My heart hardening again, I prepared my escape. “I will not stay, madam, as the hour is so late, but I will come tomorrow and help you dress.”
“Please, please do— Oh, I never asked your name, or gave you mine! I’m such a fool. How ever will I survive in the great palace?” Tears trembled again in her huge eyes.
“The error was all mine,” I assured her. “I knew your name only too well and failed to offer my own. They call me Tudert,” I said, giving her my mother’s name. “And I bid you good-night.”
My earliest memories are of crawling on the bright carpets in Tudert’s tent with all her jewellery strewn around me, or upon me. Silver amulets and Agadez crosses around my neck, long earrings looped over my ears, too-big bangles pushed up to my armpits. “These are camels,” I would tell her proudly, indicating a line of hairpins and brooches, “and these are goats”—polished beads gathered beside pieces of amber and cowrie shells traded with the travelling smith. I thought she was the richest woman in the world: certainly, she was rich in smiles and kisses, which she poured down upon me, especially when I proved my usefulness to her.
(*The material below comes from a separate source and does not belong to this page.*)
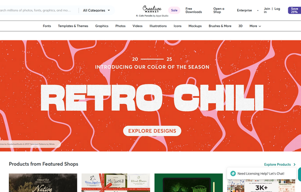 Earn commissions by referring new customers to Creative Market's marketplace of design assets (fonts, graphics, themes). Partners get 10% on all purchases for a year from referrals; affiliates get 15%/5% structure within 30 days.

She would send me out to spy at the campfires, to listen at tents in the night. No one paid much attention to a skinny child bringing camel dung for the fire, or fetching water for the pot. No one questioned a child peeing behind a thorn bush while the men made their plans, or tracing patterns in the dirt with stones where the women were gossiping. I would commit to memory all I heard, then report back to her in gabbled whispers, and she would sort the grain from the chaff and stow the information away for
future use. A day or two later she would prepare ointments and potions precisely formulated to address the problems she had learned of. “I’ve just discovered the perfect liniment for a strained back,” she would declare, after hearing that Moussa had twisted it chasing off a jackal. Or knowing that Suleiman could not keep up with his new wife: “I hear that a poultice of crushed beetle shells can do wonders for restoring one’s manhood.” Sometimes her remedies worked because they had an effect on the body, but mostly they worked because of a magic effect on people’s minds. It did not much matter, so long as clients paid up and came back for more.
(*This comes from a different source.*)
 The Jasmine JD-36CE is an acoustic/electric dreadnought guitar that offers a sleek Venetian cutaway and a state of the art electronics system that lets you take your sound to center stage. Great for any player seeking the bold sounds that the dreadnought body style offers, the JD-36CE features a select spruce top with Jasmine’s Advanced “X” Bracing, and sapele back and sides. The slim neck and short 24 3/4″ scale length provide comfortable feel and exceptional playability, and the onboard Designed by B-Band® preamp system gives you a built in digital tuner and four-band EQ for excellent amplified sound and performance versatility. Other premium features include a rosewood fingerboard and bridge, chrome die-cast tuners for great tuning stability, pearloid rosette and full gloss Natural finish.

Occasionally, her work took a darker turn. I remember a weeping woman who covered her face in a manner unusual among our people, whisking aside her veil to show my mother the ugly cuts and bruises inflicted on her by a man who had taken her against her will. I was sent out to dig up some roots. “Wait till the moon shows the whole of its face over the oasis palms,” my mother told me. “Then dig in the space between the red rocks there, the ones marked with three scratches.” I knew exactly where she meant. “Don’t touch the plant with your bare hands but shovel it straight into this bag.” I did exactly as I was told and she took the roots and spent the night boiling them inside the tent, fanning the acrid fumes away through a hole in the hide roof. Then she dipped a piece of fabric in the liquid and, using a pair of sticks, wrung out the cloth and left it to dry. The next morning the woman came back and took the dried fabric away. It looked to me like a man’s turban cloth—tagelmust—but I might have been mistaken. And again my mother warned, “Be careful not to touch it with your bare skin.” The woman appeared scared. Then she removed a jewelled pin from her robe and offered it to my mother, who closed the woman’s fingers over it. “I’ll accept no payment for this.”